- [Dataset records]:
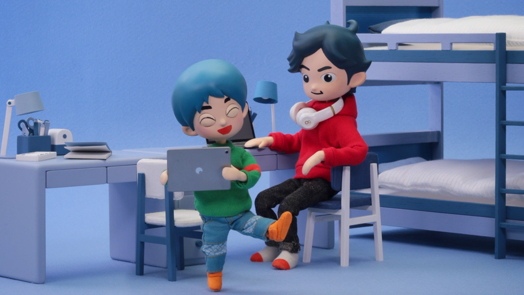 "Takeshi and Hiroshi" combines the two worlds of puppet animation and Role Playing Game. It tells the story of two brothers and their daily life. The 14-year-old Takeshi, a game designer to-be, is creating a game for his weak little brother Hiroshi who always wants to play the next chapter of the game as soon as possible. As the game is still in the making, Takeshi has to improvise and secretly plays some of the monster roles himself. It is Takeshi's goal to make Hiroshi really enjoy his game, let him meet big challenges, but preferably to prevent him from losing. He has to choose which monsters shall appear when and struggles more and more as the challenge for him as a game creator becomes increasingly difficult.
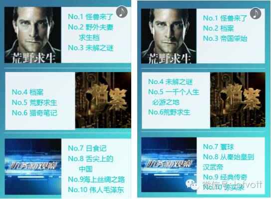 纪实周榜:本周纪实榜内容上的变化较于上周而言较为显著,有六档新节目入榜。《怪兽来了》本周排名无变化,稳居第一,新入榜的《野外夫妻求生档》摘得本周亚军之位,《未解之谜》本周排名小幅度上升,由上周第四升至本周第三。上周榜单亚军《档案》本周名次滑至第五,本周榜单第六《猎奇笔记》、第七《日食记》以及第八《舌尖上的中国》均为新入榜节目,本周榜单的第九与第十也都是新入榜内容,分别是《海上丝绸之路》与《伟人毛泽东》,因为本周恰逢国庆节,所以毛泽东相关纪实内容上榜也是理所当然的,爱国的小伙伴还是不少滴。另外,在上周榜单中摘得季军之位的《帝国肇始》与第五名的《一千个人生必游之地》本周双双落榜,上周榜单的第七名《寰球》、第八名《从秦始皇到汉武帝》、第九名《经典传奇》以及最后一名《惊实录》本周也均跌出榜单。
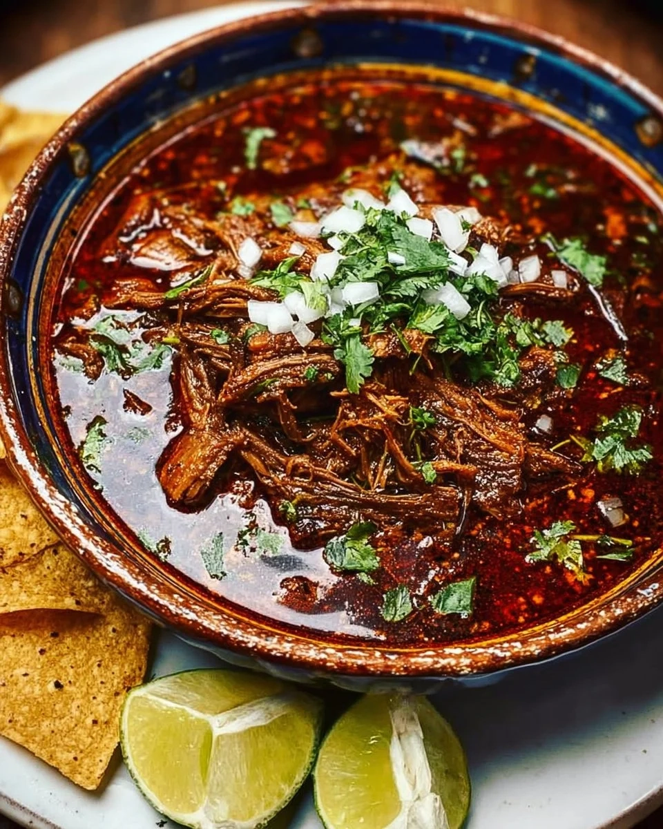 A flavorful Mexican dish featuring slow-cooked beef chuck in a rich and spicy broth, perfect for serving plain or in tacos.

* * *

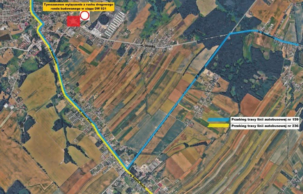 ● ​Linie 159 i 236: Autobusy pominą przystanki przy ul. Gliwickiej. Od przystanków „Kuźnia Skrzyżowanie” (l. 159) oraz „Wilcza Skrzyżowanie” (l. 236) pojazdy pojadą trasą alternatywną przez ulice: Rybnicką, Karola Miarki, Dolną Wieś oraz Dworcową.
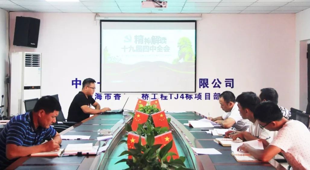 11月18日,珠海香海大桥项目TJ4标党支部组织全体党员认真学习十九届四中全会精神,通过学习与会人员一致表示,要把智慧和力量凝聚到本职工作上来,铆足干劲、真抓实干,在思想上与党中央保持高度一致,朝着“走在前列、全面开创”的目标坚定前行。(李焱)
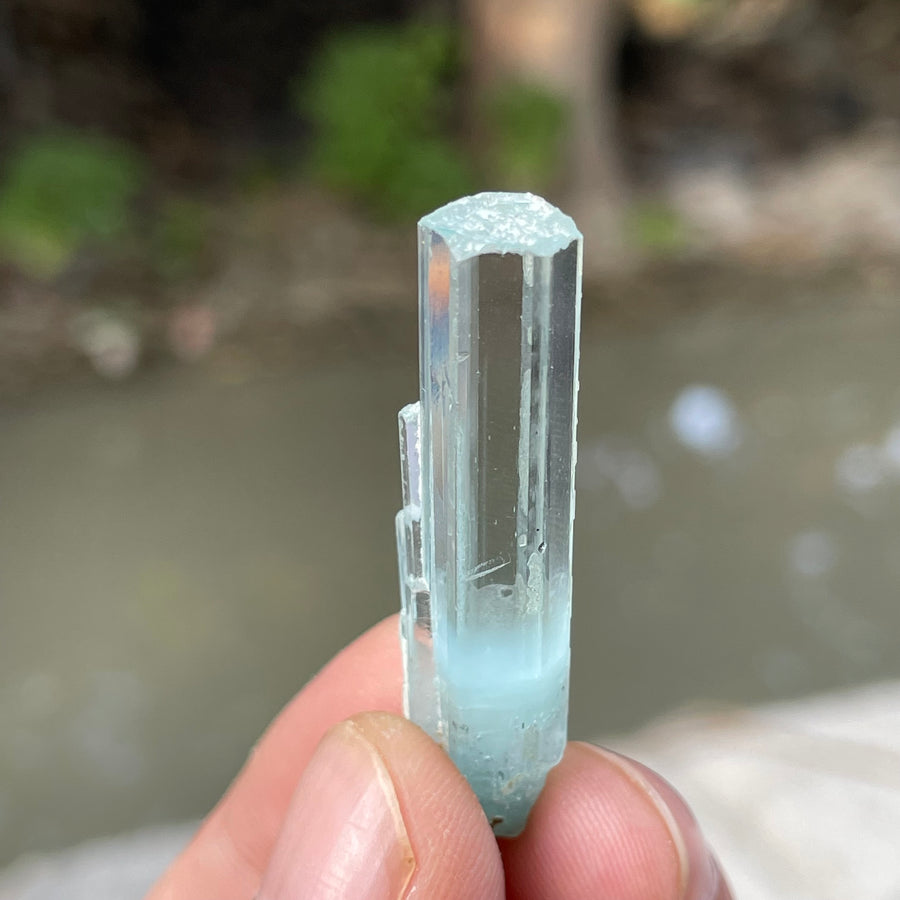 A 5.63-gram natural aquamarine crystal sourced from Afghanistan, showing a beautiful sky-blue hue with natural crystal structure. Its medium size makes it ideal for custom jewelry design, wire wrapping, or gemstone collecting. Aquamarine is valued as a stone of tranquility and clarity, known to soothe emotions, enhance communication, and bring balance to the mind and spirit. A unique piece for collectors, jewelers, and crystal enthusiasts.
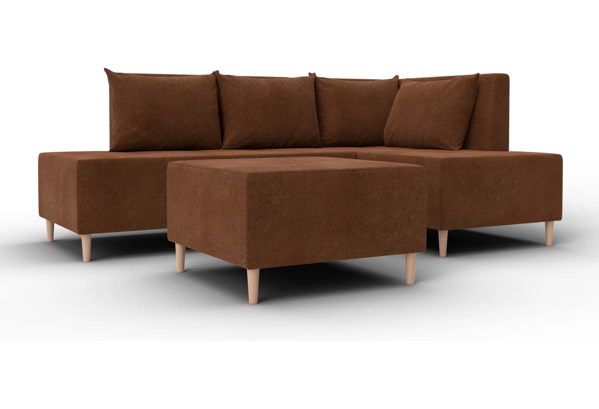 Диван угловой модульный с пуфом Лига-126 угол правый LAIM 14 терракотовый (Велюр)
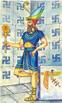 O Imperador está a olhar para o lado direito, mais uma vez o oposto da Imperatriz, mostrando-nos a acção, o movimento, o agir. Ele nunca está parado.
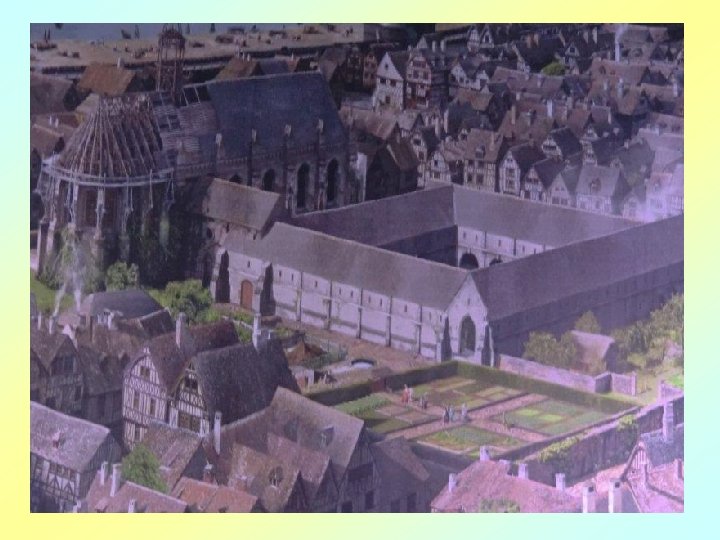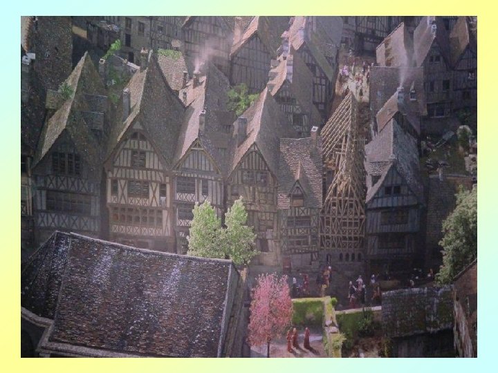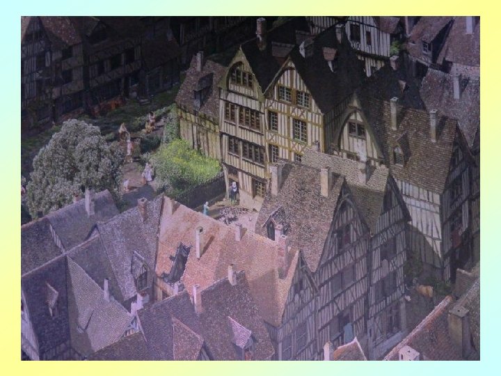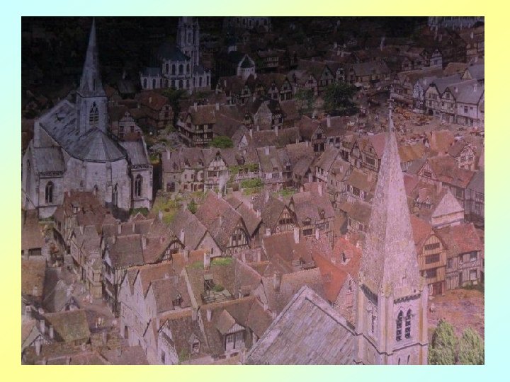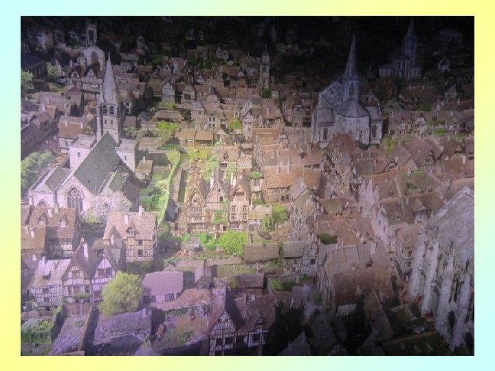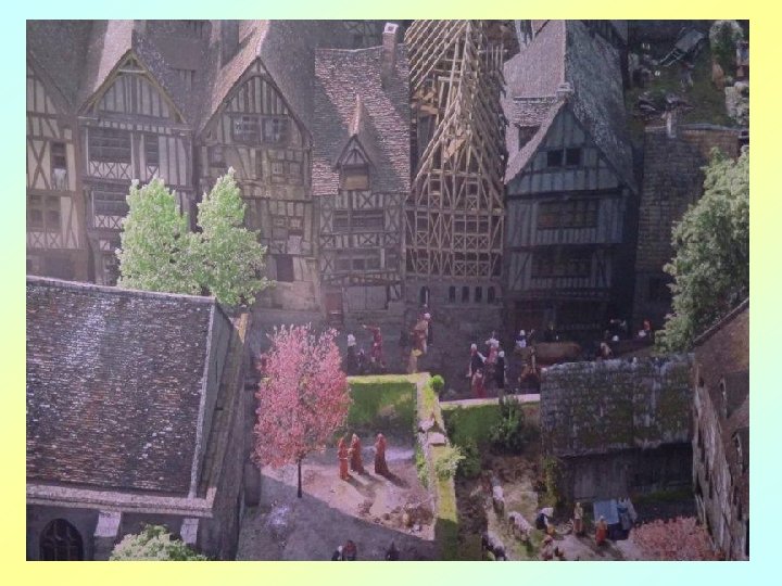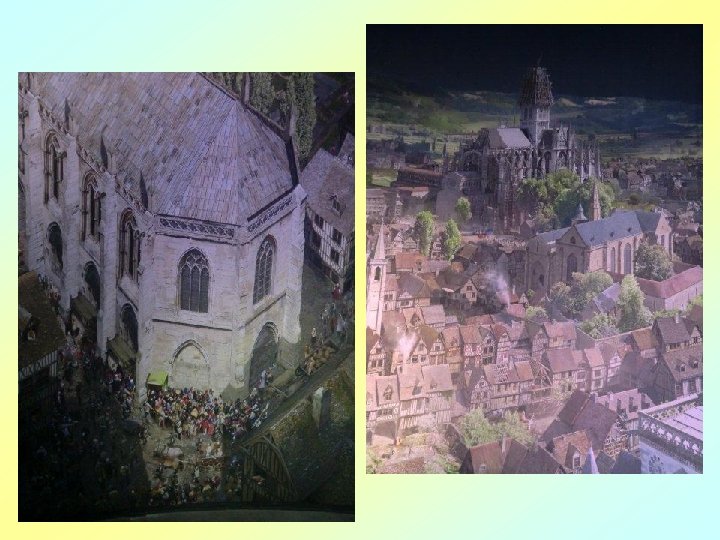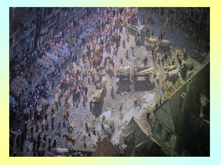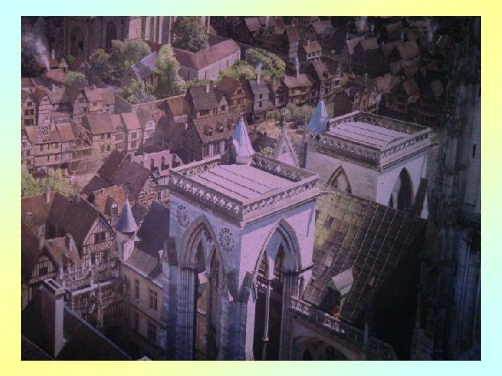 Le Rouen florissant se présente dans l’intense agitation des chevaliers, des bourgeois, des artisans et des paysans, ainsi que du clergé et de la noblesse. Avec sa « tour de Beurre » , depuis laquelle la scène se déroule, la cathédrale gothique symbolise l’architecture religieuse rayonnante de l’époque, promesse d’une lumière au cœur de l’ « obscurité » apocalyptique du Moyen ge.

- [Task goal]:
Set the pictures aside and reproduce exactly the lines above, from the line holding "纪实周榜:本周纪实榜内容上的" through the line holding "A flavorful Mexican", both included, with nothing else.

- [Response to this task]:
 纪实周榜:本周纪实榜内容上的变化较于上周而言较为显著,有六档新节目入榜。《怪兽来了》本周排名无变化,稳居第一,新入榜的《野外夫妻求生档》摘得本周亚军之位,《未解之谜》本周排名小幅度上升,由上周第四升至本周第三。上周榜单亚军《档案》本周名次滑至第五,本周榜单第六《猎奇笔记》、第七《日食记》以及第八《舌尖上的中国》均为新入榜节目,本周榜单的第九与第十也都是新入榜内容,分别是《海上丝绸之路》与《伟人毛泽东》,因为本周恰逢国庆节,所以毛泽东相关纪实内容上榜也是理所当然的,爱国的小伙伴还是不少滴。另外,在上周榜单中摘得季军之位的《帝国肇始》与第五名的《一千个人生必游之地》本周双双落榜,上周榜单的第七名《寰球》、第八名《从秦始皇到汉武帝》、第九名《经典传奇》以及最后一名《惊实录》本周也均跌出榜单。
 A flavorful Mexican dish featuring slow-cooked beef chuck in a rich and spicy broth, perfect for serving plain or in tacos.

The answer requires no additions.